Выйдя из кабинета в приемную, где сидела секретарь, я подошел к небольшому столику, стоявшему возле дивана для посетителей. На столешнице лежала перемешанная стопка цифровых листов. Именно их я просматривал полтора часа назад, в ожидании застрявшей в пробках Оливии. Потащив за краешек, я вытащил один из листов, «Петербургские вести», убедился, что это тот самый, привлекший мое внимание, свернул в трубочку и, проигнорировав удивленный вопрос помощницы Оливии, вышел из кабинета к ожидавшему Анджею.
4
– Куда? – обернулся ко мне Анджей, когда мы упаковали свои тела в просторный «Руссо-Балт Люкс».
– В офис.
Я активировал интелфон, отключенный на время визита к Оливии, и он сразу завибрировал, отмечая пропущенные вызовы. Больше половины было от Донны. Я набрал номер.
– Ну, что там? Я же говорил, что буду без связи два часа.
– Я знаю, – хладнокровно ответила Донна. Она была со мной больше двадцати лет, так что давно научилась пропускать недовольство мимо ушей. – Но с вами пытался связаться Бенджамин Уоршоу: он сейчас в городе и хотел лично обсудить какие-то вопросы.

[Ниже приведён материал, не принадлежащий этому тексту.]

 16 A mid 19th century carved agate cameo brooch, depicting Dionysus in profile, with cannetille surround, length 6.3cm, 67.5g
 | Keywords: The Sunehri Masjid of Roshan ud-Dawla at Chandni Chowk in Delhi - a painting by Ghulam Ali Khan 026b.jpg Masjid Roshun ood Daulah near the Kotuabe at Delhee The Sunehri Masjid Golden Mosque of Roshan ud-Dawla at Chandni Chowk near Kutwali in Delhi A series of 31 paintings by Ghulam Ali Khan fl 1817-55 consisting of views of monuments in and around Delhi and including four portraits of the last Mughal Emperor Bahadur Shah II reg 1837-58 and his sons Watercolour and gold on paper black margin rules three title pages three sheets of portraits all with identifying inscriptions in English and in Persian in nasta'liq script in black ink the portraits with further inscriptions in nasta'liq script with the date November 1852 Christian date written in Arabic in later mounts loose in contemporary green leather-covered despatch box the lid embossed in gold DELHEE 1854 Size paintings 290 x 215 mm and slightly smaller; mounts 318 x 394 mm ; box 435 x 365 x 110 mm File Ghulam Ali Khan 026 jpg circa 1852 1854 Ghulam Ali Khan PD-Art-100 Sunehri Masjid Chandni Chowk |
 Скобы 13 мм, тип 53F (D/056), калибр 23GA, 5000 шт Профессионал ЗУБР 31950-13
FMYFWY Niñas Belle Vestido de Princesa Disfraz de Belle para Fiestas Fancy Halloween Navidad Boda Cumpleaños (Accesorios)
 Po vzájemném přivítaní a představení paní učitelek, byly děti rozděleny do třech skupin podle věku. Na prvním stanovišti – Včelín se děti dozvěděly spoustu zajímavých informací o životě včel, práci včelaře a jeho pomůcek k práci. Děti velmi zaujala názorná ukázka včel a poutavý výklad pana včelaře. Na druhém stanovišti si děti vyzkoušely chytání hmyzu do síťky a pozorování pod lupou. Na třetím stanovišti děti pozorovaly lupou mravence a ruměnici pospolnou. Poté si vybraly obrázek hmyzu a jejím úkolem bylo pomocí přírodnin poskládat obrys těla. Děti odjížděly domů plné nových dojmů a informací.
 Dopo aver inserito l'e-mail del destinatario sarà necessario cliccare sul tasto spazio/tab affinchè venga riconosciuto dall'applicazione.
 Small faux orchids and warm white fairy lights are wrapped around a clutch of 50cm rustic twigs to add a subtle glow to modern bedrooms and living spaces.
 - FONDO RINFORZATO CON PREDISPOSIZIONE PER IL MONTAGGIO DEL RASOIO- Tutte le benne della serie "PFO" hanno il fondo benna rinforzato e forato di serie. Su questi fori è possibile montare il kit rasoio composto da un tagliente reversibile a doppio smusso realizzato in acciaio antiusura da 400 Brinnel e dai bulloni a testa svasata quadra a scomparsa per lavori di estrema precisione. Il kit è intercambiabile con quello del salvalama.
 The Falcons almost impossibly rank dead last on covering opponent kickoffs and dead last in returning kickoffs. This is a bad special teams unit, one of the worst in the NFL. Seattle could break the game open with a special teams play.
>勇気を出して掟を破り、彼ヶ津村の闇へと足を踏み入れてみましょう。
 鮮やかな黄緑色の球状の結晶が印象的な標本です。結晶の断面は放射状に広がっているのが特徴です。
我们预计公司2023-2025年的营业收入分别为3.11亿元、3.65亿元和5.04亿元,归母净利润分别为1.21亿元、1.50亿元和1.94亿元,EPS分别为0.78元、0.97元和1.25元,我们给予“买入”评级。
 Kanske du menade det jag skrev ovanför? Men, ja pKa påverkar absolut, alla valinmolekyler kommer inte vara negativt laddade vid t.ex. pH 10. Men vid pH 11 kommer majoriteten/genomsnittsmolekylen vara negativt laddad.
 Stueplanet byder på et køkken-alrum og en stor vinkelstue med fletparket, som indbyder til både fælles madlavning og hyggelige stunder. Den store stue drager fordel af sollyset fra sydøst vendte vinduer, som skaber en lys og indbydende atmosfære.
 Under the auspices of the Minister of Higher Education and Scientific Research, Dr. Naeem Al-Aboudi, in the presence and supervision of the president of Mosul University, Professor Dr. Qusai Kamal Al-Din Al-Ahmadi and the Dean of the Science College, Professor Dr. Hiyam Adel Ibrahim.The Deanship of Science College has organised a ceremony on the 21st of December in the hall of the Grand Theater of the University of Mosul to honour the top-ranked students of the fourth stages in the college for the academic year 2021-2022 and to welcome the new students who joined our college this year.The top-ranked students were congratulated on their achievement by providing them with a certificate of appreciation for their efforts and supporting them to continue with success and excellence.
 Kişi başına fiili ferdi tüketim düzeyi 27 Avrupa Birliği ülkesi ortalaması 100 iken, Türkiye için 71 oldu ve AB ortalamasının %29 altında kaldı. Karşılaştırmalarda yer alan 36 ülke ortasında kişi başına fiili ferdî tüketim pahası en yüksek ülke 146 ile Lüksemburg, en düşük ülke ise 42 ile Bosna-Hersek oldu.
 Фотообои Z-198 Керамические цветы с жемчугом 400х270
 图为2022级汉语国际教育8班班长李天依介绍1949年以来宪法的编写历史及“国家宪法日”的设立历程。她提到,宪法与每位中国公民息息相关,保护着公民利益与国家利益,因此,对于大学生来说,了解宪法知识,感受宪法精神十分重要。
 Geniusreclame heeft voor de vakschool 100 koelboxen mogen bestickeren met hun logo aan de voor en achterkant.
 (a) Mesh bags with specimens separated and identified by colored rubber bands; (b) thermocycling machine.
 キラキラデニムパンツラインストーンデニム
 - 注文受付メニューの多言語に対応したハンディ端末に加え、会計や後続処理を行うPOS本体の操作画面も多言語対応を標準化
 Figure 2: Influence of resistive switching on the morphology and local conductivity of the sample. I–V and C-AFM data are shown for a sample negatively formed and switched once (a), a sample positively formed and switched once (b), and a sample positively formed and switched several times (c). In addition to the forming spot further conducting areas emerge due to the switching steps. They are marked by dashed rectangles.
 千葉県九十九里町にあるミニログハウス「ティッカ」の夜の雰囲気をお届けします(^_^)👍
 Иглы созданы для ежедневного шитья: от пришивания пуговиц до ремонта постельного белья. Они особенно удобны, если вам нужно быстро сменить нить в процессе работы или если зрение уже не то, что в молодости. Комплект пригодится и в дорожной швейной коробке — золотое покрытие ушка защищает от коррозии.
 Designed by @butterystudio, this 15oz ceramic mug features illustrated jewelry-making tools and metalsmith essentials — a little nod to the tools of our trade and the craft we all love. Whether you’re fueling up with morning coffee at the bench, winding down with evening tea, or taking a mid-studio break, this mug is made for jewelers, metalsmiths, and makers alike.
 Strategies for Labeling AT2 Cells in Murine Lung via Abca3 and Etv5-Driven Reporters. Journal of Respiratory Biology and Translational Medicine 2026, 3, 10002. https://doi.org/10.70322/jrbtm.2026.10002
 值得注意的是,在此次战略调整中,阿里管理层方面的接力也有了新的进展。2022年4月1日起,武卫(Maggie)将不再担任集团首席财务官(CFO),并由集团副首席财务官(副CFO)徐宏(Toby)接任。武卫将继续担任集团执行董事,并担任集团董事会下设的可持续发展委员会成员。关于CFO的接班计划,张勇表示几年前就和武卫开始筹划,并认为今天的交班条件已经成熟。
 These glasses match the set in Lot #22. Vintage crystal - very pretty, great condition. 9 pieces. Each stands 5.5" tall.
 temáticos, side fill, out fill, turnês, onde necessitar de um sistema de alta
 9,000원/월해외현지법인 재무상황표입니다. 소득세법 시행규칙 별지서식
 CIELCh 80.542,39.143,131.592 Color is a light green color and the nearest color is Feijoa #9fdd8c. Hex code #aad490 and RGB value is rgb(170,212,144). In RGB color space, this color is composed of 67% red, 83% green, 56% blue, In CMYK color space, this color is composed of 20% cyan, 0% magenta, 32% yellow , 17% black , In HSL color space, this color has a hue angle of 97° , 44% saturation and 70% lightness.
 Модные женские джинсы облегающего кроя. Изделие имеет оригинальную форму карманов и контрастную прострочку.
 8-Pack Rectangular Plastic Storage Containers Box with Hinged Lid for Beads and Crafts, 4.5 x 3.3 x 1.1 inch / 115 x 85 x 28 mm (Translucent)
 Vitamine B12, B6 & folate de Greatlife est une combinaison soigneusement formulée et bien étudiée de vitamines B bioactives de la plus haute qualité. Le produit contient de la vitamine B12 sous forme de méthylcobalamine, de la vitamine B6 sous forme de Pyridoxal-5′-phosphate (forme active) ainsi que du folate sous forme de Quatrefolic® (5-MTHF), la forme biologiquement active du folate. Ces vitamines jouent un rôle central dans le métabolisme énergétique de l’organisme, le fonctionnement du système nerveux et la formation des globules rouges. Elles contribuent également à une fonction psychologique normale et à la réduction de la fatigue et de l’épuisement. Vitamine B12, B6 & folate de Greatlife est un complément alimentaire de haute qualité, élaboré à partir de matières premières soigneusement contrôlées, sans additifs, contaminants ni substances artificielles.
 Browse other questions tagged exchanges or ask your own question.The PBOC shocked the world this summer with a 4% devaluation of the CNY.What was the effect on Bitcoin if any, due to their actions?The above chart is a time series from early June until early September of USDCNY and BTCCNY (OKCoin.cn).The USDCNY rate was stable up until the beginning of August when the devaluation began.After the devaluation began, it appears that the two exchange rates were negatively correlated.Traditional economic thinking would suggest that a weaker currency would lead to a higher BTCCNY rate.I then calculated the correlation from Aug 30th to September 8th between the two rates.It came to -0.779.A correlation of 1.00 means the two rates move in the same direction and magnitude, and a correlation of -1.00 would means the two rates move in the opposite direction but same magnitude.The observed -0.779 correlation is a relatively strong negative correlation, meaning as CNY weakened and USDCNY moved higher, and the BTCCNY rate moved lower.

– Хмм. – Уоршоу был правой рукой Романа Корнева, а тот, в свою очередь, возглавлял совет директоров компании, заправлявшей десятком подводных добывающих платформ на шельфе моря Лаптевых. Вместе с инфраструктурой компании в Тикси, куда перекачивались добытые углеводороды, это составляло лакомый кусок для любой частной охранной структуры.
– Ладно, свяжись с Уоршоу и скажи, что я готов с ним пообедать, скажем, через полтора часа. Закажи столик в «Золотой Орде» и напомни через час. И еще: скажи Надзаро, что он мне минут через сорок понадобится. Отбой.
Отключившись, я достал цифролист, развернул. Если Оливия действительно заботится о том, чтобы ее клиенты не задумывались о разных вредных, с ее точки зрения, теориях, то ей надо лучше следить за тем, что секретарь оставляет на столе для развлечения посетителей. Впрочем, к главному титулу – «Ужасный скандал в английском королевском семействе: сын наследника престола – чернокожий» – занимающему треть листа, претензий быть не могло, а заинтересовавшая меня надпись приютилась где-то в подвале, так что немудрено, что девица могла ее пропустить. А скорее всего, ей было просто наплевать.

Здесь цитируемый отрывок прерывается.